Distributed soft measurement method based on Girvan-Newman algorithm

Technical Field

The invention relates to an industrial process soft measurement method, in particular to a distributed soft measurement method based on a Girvan-Newman algorithm.

Background

In modern industrial processes, measurement techniques and equipment play an important role in the overall production system, and corresponding measurement data can provide a solid data base for production planning scheduling, process monitoring and other industrial "big data" applications. Although. Advanced meter technology is rapidly developed in recent years, information such as flow, liquid level, pressure, temperature and the like can be easily measured in an industrial process, and information of direct or indirect reaction product quality can also be measured by an instrument to obtain real-time data. However, the equipment for analyzing the product quality information on line in real time is generally expensive and expensive to maintain, compared to the flow or temperature meters.

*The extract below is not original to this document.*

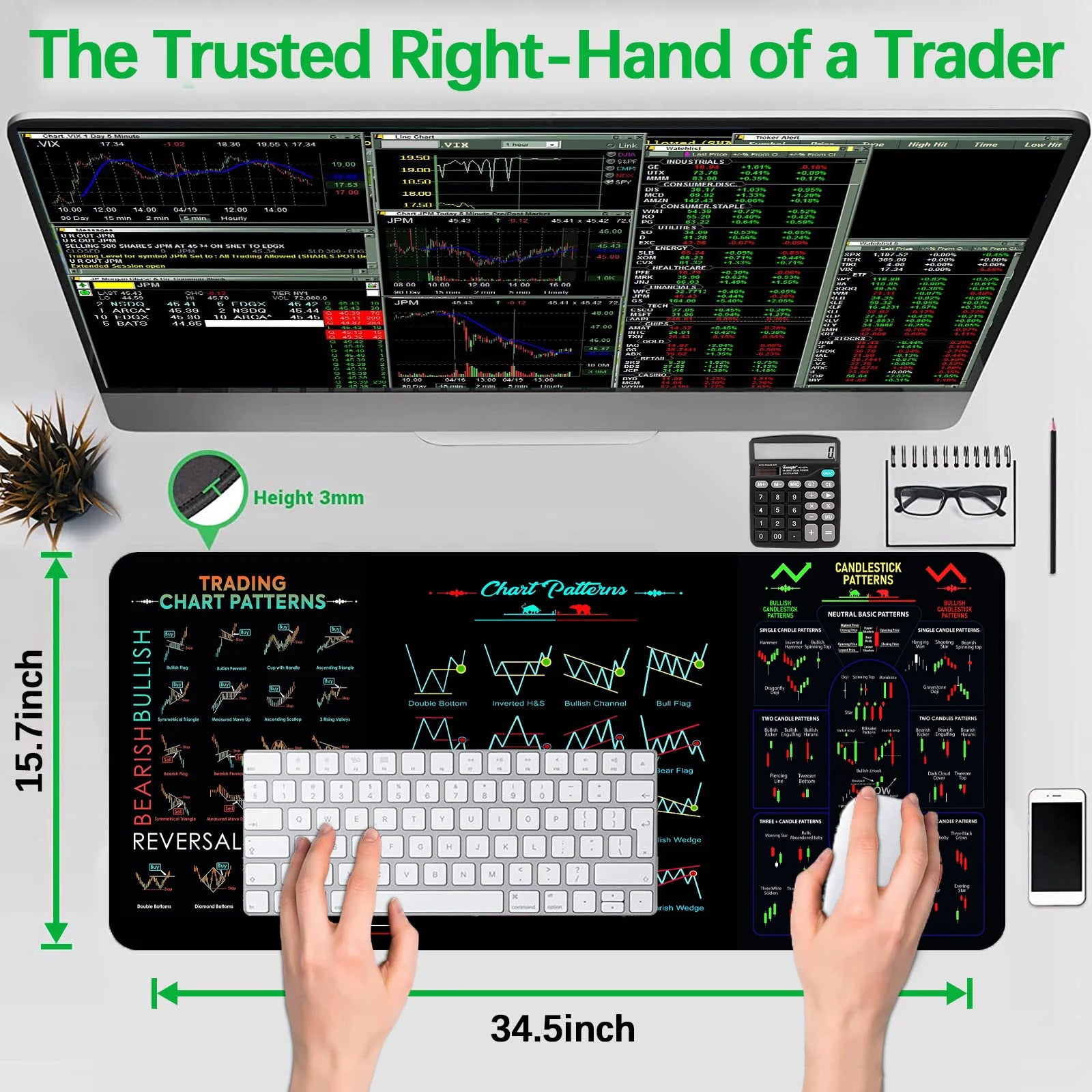 The mat is designed with a non-slip base to keep it firmly in place on your desk, preventing any unwanted movement while you're working or trading. You can focus on your trades without worrying about your mat shifting.

If an offline analysis means is adopted, a certain time delay exists in the acquisition of the product quality data, so that an operator cannot know the product quality data timely and accurately. However, quality monitoring is not isolated from these data information, which reflect product quality. In recent decades, with the widespread use of data-driven methods, soft-measurement techniques have come into play. The method realizes real-time estimation of quality data by establishing a regression model between data which is easy to measure in the production process and product quality data. In recent years, research on soft measurement technique has received more and more attention from the industry and academia.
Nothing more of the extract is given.